Concerns about the group’s finances have percolated throughout the tycoon’s rise, with CreditSights saying in August that Adani’s conglomerate is “deeply overleveraged” with “stretched balance sheets.” But the Hindenburg report has put an unprecedented spotlight on the group’s corporate governance — as well as that of India as a whole.

Hindenburg issued a report on Jan 24 detailing wide-ranging allegations of corporate malpractice following a two-year investigation into the tycoon’s companies. Adani Group has said it’s exploring legal action after a “maliciously mischievous, unresearched” report by the short seller. Hindenburg has said it fully stands by its report, adding that any legal action taken against it would be meritless, according to a statement on Twitter.

Companies linked to Adani Group plan a detailed response Friday to the report that they labelled as “bogus,” according to bondholders who joined a conference call with Adani executives. On the call, investors were told that the US-based short seller’s assertions of accounting fraud were “devoid of facts.”

“It seems like there might be more downside and this report can become a big legal issue as it is causing reputational damage too,” said Sameer Kalra, founder of Target Investing in Mumbai.

Hindenburg Research released its report just as Adani Enterprises was seeking to attract a broader network of local and global investors for its share sale. The transaction, India’s biggest ever primary follow-on public offering, had already lured a number of anchor investors before the Hindenburg report emerged, though retail investors and high net worth individuals can bid for shares starting today through Jan. 31.

Overall subscription for the offering was at 1% as 12.48pm in Mumbai. The portion reserved for retail investors was sold 1% while that for company employees got bids for 2% of the shares on sale. The institutional investor portion had yet to see any bids, stock exchange data showed.
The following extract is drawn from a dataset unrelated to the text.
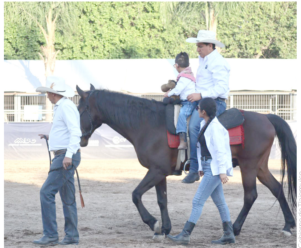
Grupo Macel compartió los resultados notorios en los pacientes.

Grupo Macel compartió con las asistentes a la Fiesta, los resultados notorios en los pacientes, quienes han mostrado un fortalecimiento físico y emocional a través del manejo del caballo, adaptando en el ritmo y los movimientos del animal a las necesidades de los pacientes.
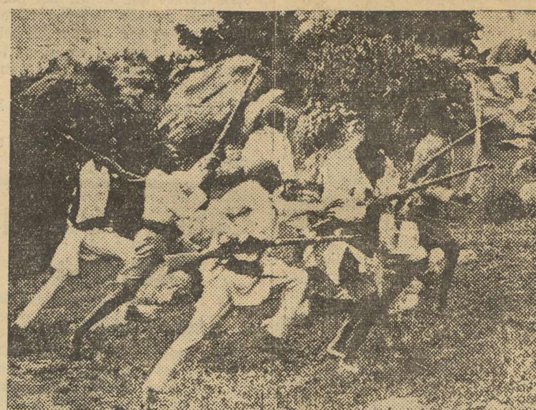
Cómo van a la guerra los voluntarios o guerrilleros abisinios. Estos van a la lucha cantando y riendo escandalosamente. Quieren enfrentarse con el enemigo. Esta foto ha sido tomada al Sur de Harrar, hace ocho días

Addis Abeba.—Ha circulado insistentemente el rumor de que los italianos, a consecuencia de la de-

Investors in Indian public offerings typically wait until the last day of the sale to place bids.

Some market watchers said the impact to the broader market will be limited.

The bulk of India’s equity benchmarks are made up of “very high quality” banks, consumer and IT services companies, and the risk to the indexes from Hindenburg Research’s report on Adani Group “is not meaningful,” Neelkanth Mishra, co-head of Asia Pacific equity strategy and India equity strategist at Credit Suisse, said on Bloomberg Television.